Detailed explanation. Deletion vectors flip the cost model of DELETE and UPDATE from "rewrite affected files" to "mark deleted rows in a bitmap." On a table where MERGE INTO touches 0.1% of rows scattered across 80% of files, the cost difference is 800×.

Question. Given a Delta table where a daily MERGE updates 0.5% of rows scattered across 70% of files, show the cost difference with and without deletion vectors. Walk through what changes on the read path.

Input.

Trait	Value
Table size	10 TB
Files	10,000
Daily MERGE rows	0.5% = 50M rows
Files touched by MERGE	70% = 7,000

Code.

-- Enable deletion vectors.
ALTER TABLE silver.events SET TBLPROPERTIES (
  delta.enableDeletionVectors = true
);

-- The MERGE call doesn't change.
MERGE INTO silver.events AS tgt
USING staging.delta AS src
   ON tgt.event_id = src.event_id
 WHEN MATCHED THEN UPDATE SET *
 WHEN NOT MATCHED THEN INSERT *;

Step-by-step explanation.

Without DV. The MERGE rewrites every touched file: 7,000 files × ~1 GB = 7 TB of writes. Time: ~30-45 min.
With DV. The MERGE writes a deletion vector per touched file (typically a few KB each) plus a small parquet file with the new rows for the matched rows. Touched-file rewrites: ~0. Time: ~2-3 min.
On the read path. Each scan applies the deletion vector to mask the deleted rows. A row that exists in the parquet file but is marked deleted in the DV is skipped silently. Read latency increases ~5-10% per file with a DV.
Periodic OPTIMIZE. When the DV coverage of a file exceeds a threshold (~20% of rows masked), OPTIMIZE rewrites the file cleanly. The DV cost is amortised over many MERGE batches.

Output.

Operation	Without DV	With DV
MERGE rewrite bytes	7 TB	~50 MB (DVs + new rows)
MERGE time	30-45 min	2-3 min
Read latency overhead	0%	+5-10%
OPTIMIZE consolidation	every MERGE	when DV > 20%

Rule of thumb. Enable deletion vectors on every Delta table that experiences UPDATE / DELETE traffic. The MERGE / DELETE cost reduction is typically 10-100× depending on row scatter; the read overhead is small and consolidated by periodic OPTIMIZE.

Detailed explanation — migrating Z-Order to liquid clustering

Detailed explanation. Existing Z-Ordered tables can migrate to liquid clustering with a single ALTER TABLE + OPTIMIZE. The migration is a one-way trip — once the table is liquid-clustered, the partition + Z-Order metadata is gone.
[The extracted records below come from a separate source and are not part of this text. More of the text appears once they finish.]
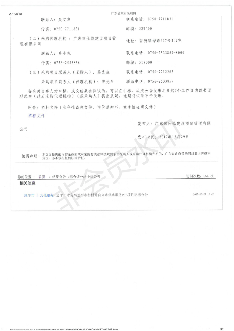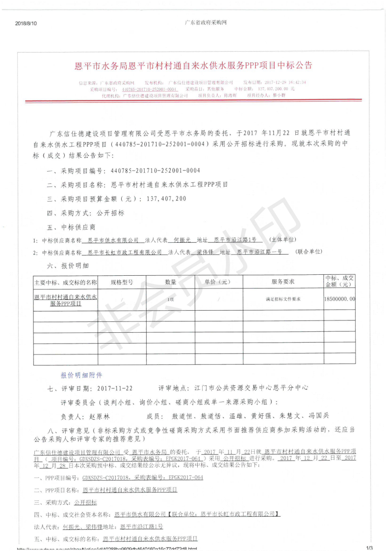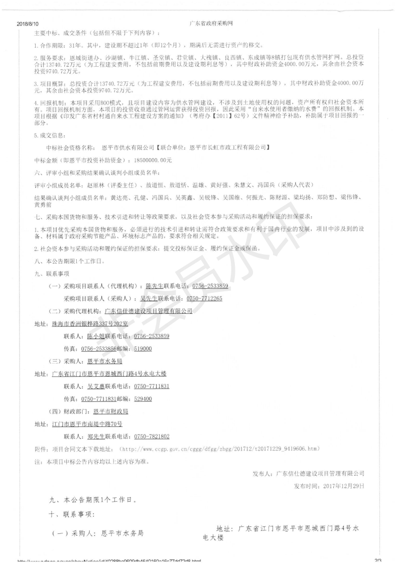 關(guān)于恩平市村村通自來水供水服務(wù)PPP項(xiàng)目中標(biāo)的公告
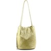 Premium Women's Fashion Designer Medium Size Large Handle Plain Soft Vegan Leather Hobo Round Bucket Tote Shoulder Bag (Gold)
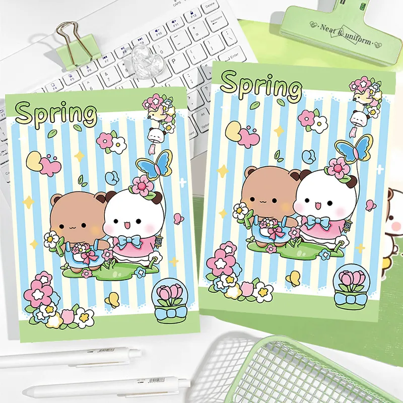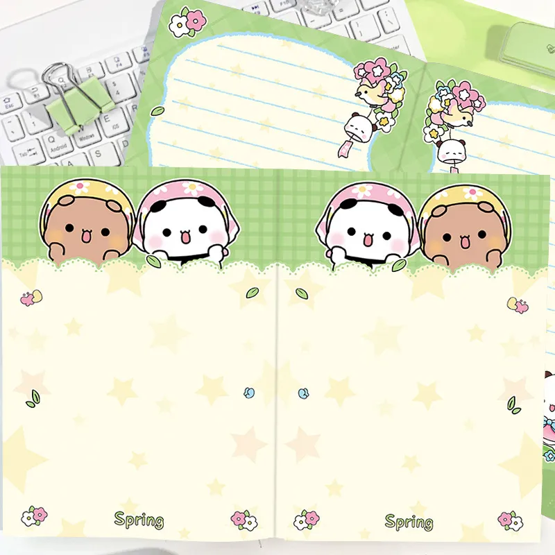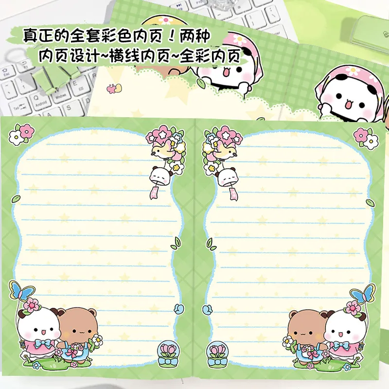 a5平摊本采花情侣熊彩页笔记本高颜值日记本卡通手账本子加厚
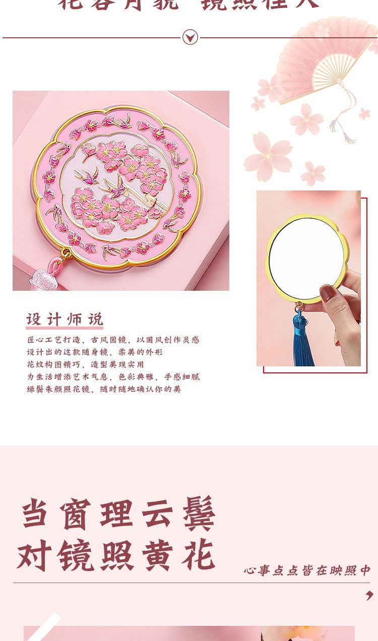 [무료 배송] 중국 스타일 거울, 고급스러운 메이크업 휴대용 거울, 합금 낙하 방지 공주 소녀, 절묘한 선물 선택
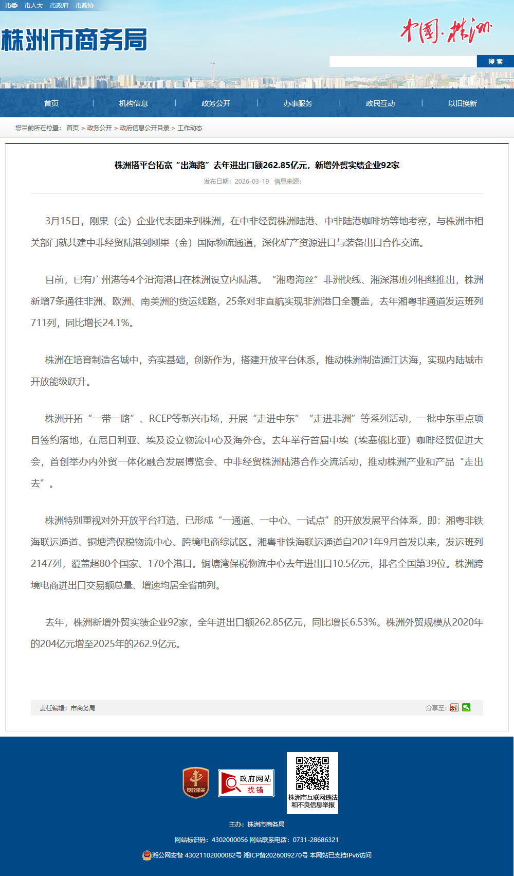 去年,株洲新增外贸实绩企业92家,全年进出口额262.85亿元,同比增长6.53%。株洲外贸规模从2020年的204亿元增至2025年的262.9亿元。

Question. Given an existing Delta table partitioned by event_date and Z-Ordered on (country, customer_id), migrate to liquid clustering with cluster key (customer_id, country). Walk through the steps.

Input. Table events with 50 TB, 365 partitions, Z-Order on (country, customer_id).

Code.

-- Step 1 — declare the liquid cluster key.
ALTER TABLE events CLUSTER BY (customer_id, country);

-- Step 2 — drop the partition column (optional; can keep partition for date-range queries)
-- ALTER TABLE events DROP PARTITION FIELD event_date;
-- In practice, keep event_date partition + liquid clustering on the entity axis.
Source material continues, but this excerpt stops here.